_Try it_
Beginning with the line below that contains "- 将GitHub博客仓库的" and ending with the line that contains "5日上午,全体党员参观了全国", retype every line exactly. Pictures are not copied.

_Records to use_
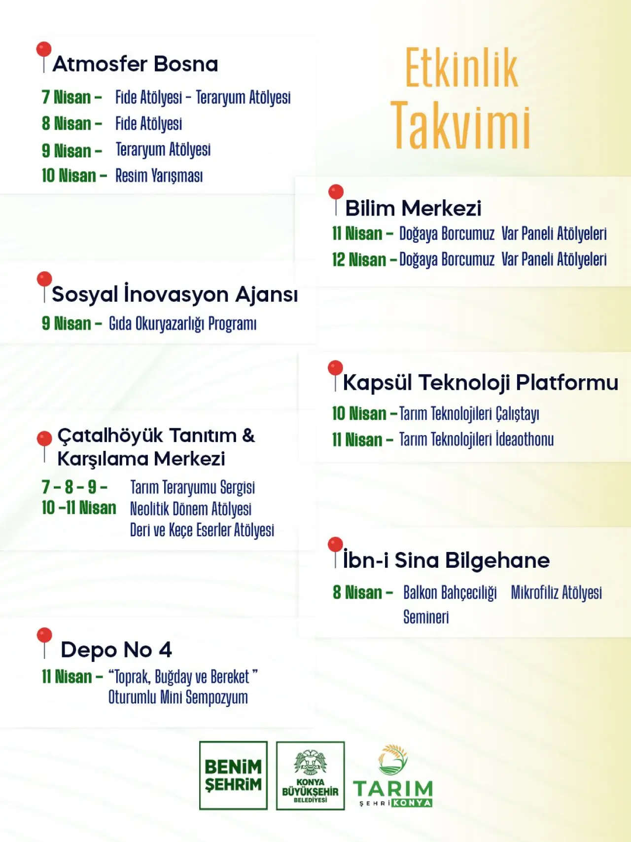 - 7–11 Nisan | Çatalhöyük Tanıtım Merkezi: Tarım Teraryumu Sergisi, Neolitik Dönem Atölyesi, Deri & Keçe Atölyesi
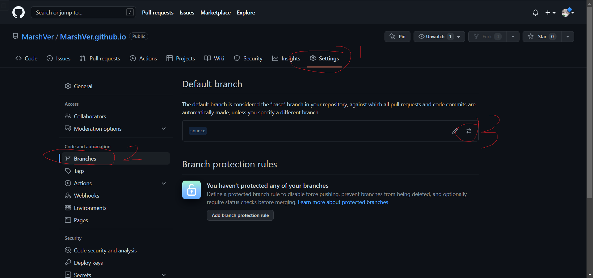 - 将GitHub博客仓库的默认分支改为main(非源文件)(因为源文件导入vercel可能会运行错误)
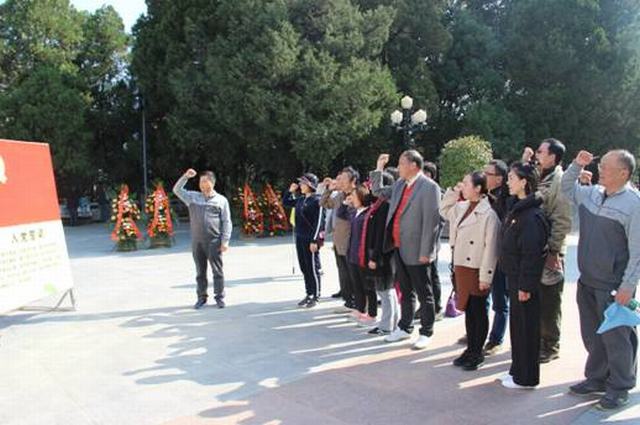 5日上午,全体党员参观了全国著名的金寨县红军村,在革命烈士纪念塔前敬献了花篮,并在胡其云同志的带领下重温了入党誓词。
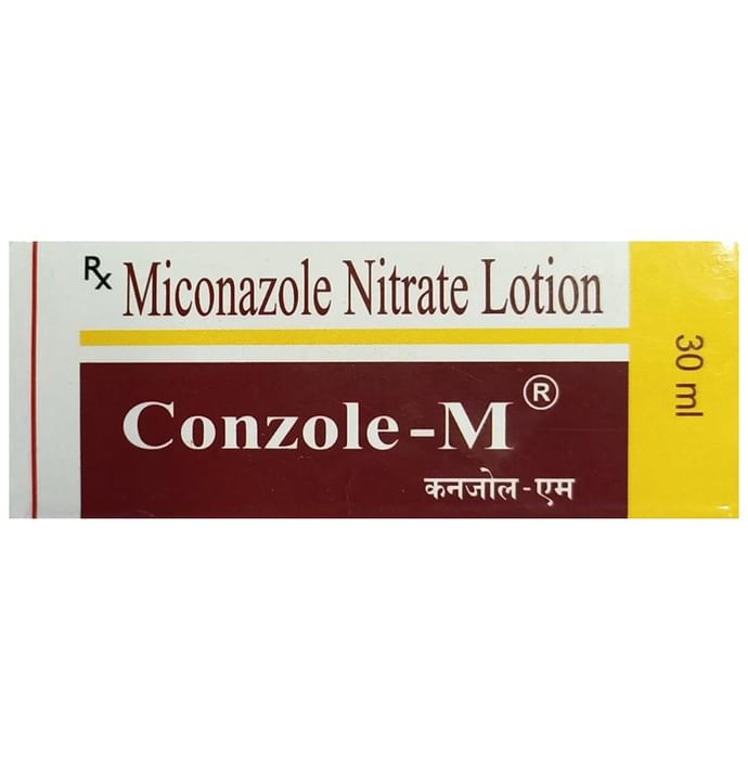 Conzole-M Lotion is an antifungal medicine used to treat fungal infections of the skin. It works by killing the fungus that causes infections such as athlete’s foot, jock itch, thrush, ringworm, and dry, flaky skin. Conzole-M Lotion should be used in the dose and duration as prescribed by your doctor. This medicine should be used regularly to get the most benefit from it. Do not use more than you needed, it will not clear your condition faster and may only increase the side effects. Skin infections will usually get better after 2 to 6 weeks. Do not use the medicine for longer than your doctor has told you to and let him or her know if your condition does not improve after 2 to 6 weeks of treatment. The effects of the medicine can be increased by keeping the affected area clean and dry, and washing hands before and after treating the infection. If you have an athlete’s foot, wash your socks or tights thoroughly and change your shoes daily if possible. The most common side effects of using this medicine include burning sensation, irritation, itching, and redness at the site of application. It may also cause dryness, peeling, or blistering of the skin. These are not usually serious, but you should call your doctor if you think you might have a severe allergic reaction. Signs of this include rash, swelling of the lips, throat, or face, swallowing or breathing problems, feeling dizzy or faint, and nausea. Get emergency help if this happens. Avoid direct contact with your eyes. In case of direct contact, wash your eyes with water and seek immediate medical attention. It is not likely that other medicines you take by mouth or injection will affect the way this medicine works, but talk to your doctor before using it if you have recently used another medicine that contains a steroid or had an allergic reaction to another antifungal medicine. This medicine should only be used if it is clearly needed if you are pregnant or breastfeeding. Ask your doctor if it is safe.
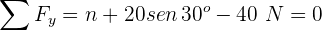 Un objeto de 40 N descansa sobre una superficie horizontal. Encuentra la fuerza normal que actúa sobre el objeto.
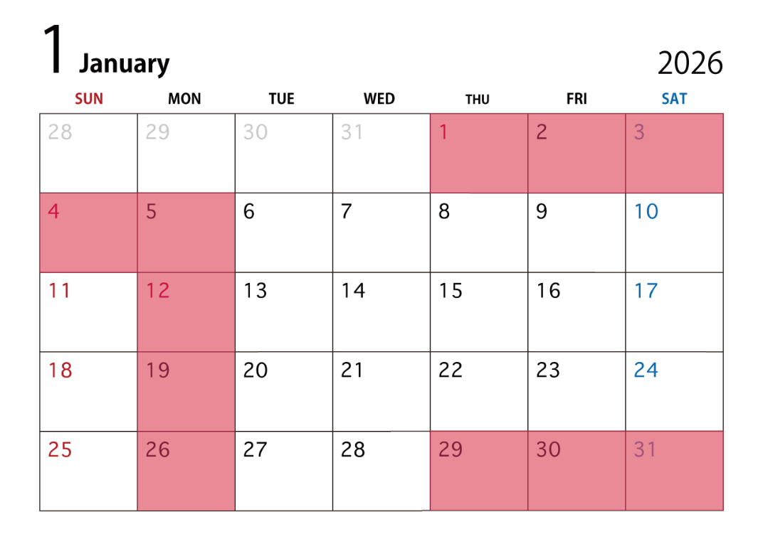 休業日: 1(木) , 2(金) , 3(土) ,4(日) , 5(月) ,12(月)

_The completed task_
 - 将GitHub博客仓库的默认分支改为main(非源文件)(因为源文件导入vercel可能会运行错误)
 5日上午,全体党员参观了全国著名的金寨县红军村,在革命烈士纪念塔前敬献了花篮,并在胡其云同志的带领下重温了入党誓词。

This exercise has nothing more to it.